= Hambaricho Mountain =

Mountain in Ethiopia

Hambaricho, (Amharic ሐምባርቾ), at an elevation of 3058 meters above sea level, is one of the highest mountains in southern Ethiopia. It is located in the Central Ethiopian Regional State in Kambata (Amharic ከምባታ) Zone. Durame, the capital city of Kambata Zone, is located at the foothills of the Hambaricho Mountain.
The mountain has a lot of historical, cultural, and spiritual significance to the local Kambata community.
It is believed that the first seven tribes of the Kambata lived on Mount Hambaricho from ancient times, and the Kambatas still refer to these groups as "Hambaricho Lamala" (ሀምበሪቾ ላማላ) (the seven kin-groups of Kambata) as the original/founding groups of the Kambata. As can be learned from historical sources based on oral traditions, people radiated from this historical center of Mount Hambaricho and began to settle around the mountain.

The Hambaricho Mountain and its ranges served as the administrative center and seat for successive Kambata kings from 16th century until the last decade of 19th century when the last Kambata Woma (king), Woma Dilbato Degoye, and his advisors were captured and executed during the invasion and military occupation of Kambata by the armies of Menelik II from 1890 to 1893.
The conquest ended the Kambata monarchy. The rule of the Woma was replaced by the rule of the Balabat, the local nobility until it lost importance after the Ethiopian civil war.However, Hambaricho continued to serve as acenter for the Kambata people. After the conquest of Kambata Dejazmatch Bashah Aboye was "believed to have relocated his garrison" headquarters to Hambaricho. Tessema Darge, who led the conquest against Kambatta, had "lived at Hambaricho garrison and then relocated it into a new garrison in Angacha, Kambata."
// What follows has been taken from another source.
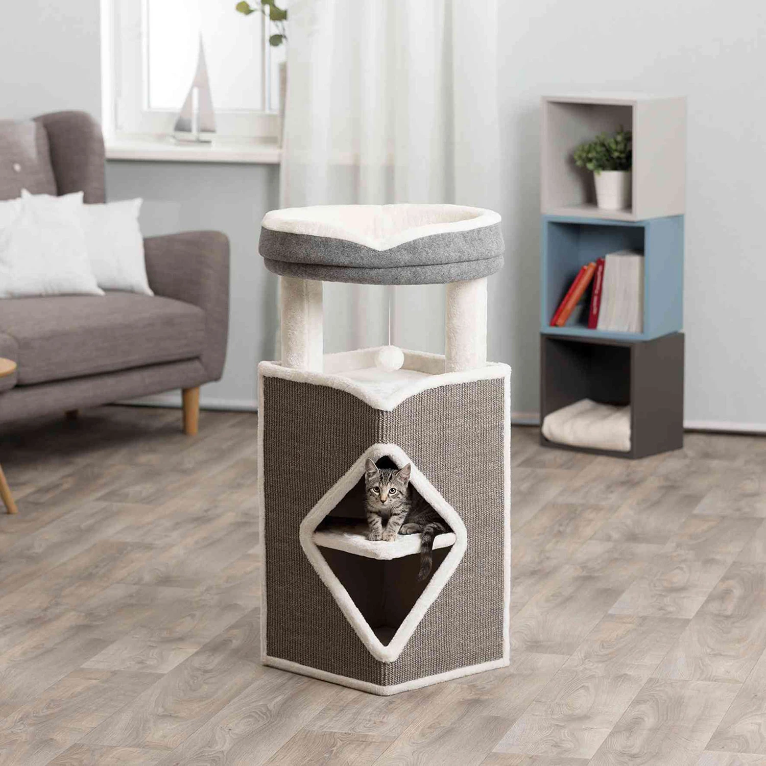 - Avec doublure en peluche (polyester) et surface de vidage sisal

The Kambata people (ከምባቲ ምናደቡ) used to gather in Hambaricho annually to celebrate the Masala festival with gifata (patriotic and war songs) and shalla (cultural songs and dances) in the presence of the revered Abba Serecho (አባ ሰሬቾ), who was generally believed to have possessed immense Spiritual gift, spiritual power. Today, one can get a panoramic view of Hambaricho from Durame, an administrative center of Kambata Zone, and from other places in the Zone. The Kambata Zone administration has built 777 staircases that crisscross the mountain from the bottom to the summit which made the Hambaricho Mountain easily accessible for local and international visitors & tourists. The Hambaricho 777 Eco Tourism project was managed by Kambata engineers from the project from site survey and design to construction and completion of the stairs, demonstrating a great engineering performance. In the words of the Regional Centre for Mapping of Resources for Development (RCMRD) expert, Degalo Sendabo, the newly inaugurated Hambaricho Mountain staircase is "one of the best viewpoints to see the Great Rift Valley of Eastern Africa." The 777 stairs project, coupled with other ongoing Hambaricho Tourism and Green Development Projects (HT GDP), is part and parcel of making "the historical center of Kambata people" one of the tourist destination centers in Southern Ethiopia. In 2025 Kambata Zone built over 700 new staircases which increased the total staircases of the Hambaricho Mountain to over 1,500 staircases.